Пронизывающий мартовский ветер пробирал до костей. Я поёжился, поднял воротник куртки и осмотрелся. Вокруг раскинулся типичный пустырь рядом со стройкой: острые гребни битого кирпича и шлака, сваленные в беспорядке, заросли высокой, пожухлой за зиму травы, колючие, голые кусты терновника, лишь кое-где на ветках набухали первые липкие почки.
Вдалеке маячил остов недостроя: серые коробки будущих домов с черными провалами окон, подъемный кран, замерший на фоне серого неба. Стройплощадка была сегодня пуста. Я специально выбрал воскресенье — выходной день.

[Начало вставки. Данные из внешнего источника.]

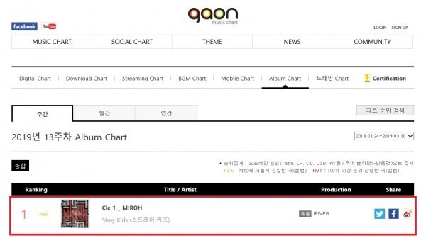 스트레이 키즈가 지난달 25일 발표한 미니 앨범 \'클레 원 : 미로(Clé 1 : MIROH)\'는 오늘(4일) 발표된 2019년 13주차(3월 24~30일) 가온 앨범 차트 1위에 올랐다.
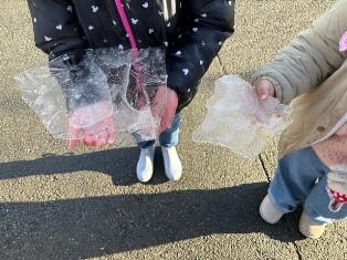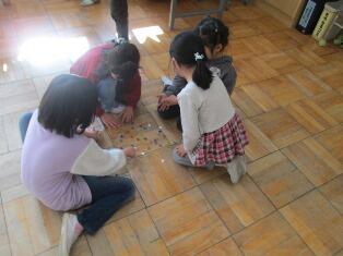 2組は図工「毛糸をとめよう」の学習で、展覧会に向けて作品を作っていました。
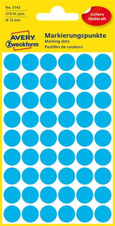 AVERY ZWECKFORM Etikett, 12 mm, kör, AVERY ZWECKFORM, kék, 270 etikett/csomag
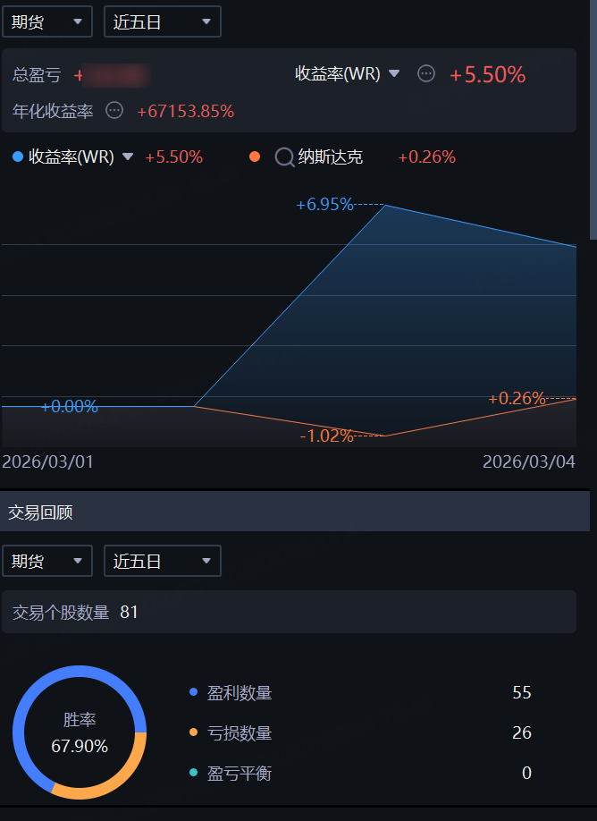 首先先和大家同步一下我最新的交易动向,我这些天并没有做太多的正股交易方面的操作,只在轻仓做空欧元;以及在买近卖远的的原油期货牛市跨期套利上有了一定的利润。所以我的交易方向目前都集中在期货账户上:
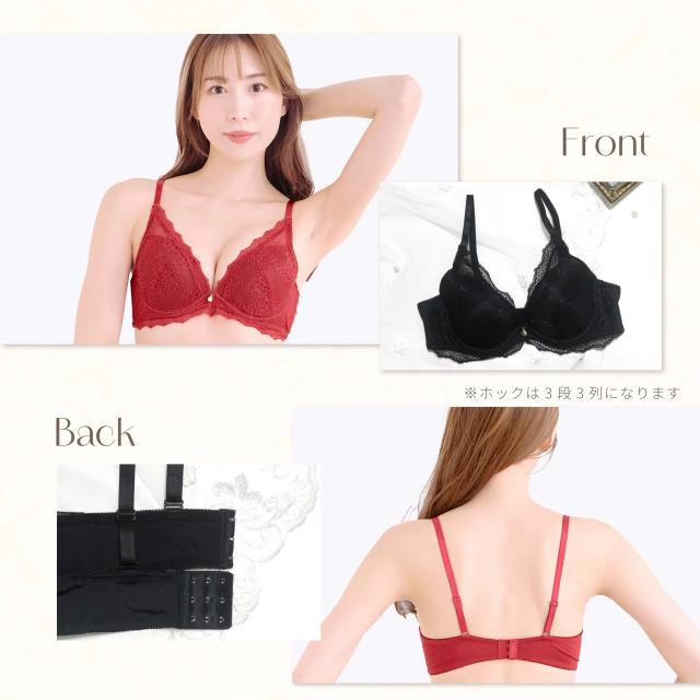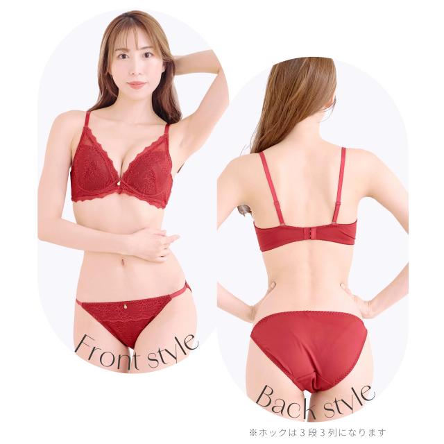 小花レースが上品で大人の色気を纏うブラセット。胸元を透かすレースがセクシーで魅惑的な印象に。カップは自然な谷間をメイクするナチュ盛シリーズ。ショーツはフルバックタイプ。
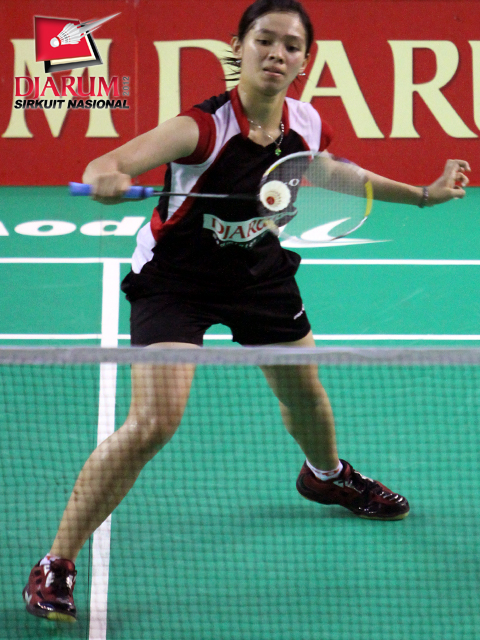Pasangan asal SGS PLN Bandung, Devi Tika Permatasari/Keshya Nurvita berusaha mengembalikan kok ke arah pasangan Pusdiklat Jaya Raya, Aris Budiharti/Dian Fitriani

Я нашел взглядом поваленное, подгнившее бревно притоптанное вокруг, и присел. Время тянулось медленно. Я снова и снова прокручивал в голове детали плана.
Мы с Орловым договорились подъехать по отдельности. Решение было принято на тот случай, если Грачёв здесь припрятал своих наблюдателей. До поры до времени он не должен ничего заподозрить, всё должно выглядеть естественно и правдоподобно.
Хотя с Орловым была заковырка. Вырваться из госпиталя — непростая задача, но он заверил, что справится. Ну что ж, значит, справится.
Вскоре тишину пустыря нарушил звук подъезжающей машины. Я вынырнул из своих размышлений и обернулся.
Машина, пыля, подкатила к краю пустыря. Дверь открылась, и первыми из салона высунулись костыли. Потом появилась нога в гипсе, осторожно опустившаяся на грунт. И наконец, показался сам лейтенант Орлов. Он что-то сказал водителю, махнул рукой, и машина, развернувшись, укатила обратно в сторону города.
Орлов, опираясь на костыль, начал медленно ковылять в мою сторону по пыльной земле. Я встал с бревна, отряхнул штаны от древесной трухи и улыбнулся ему. Молодец, все-таки улизнул.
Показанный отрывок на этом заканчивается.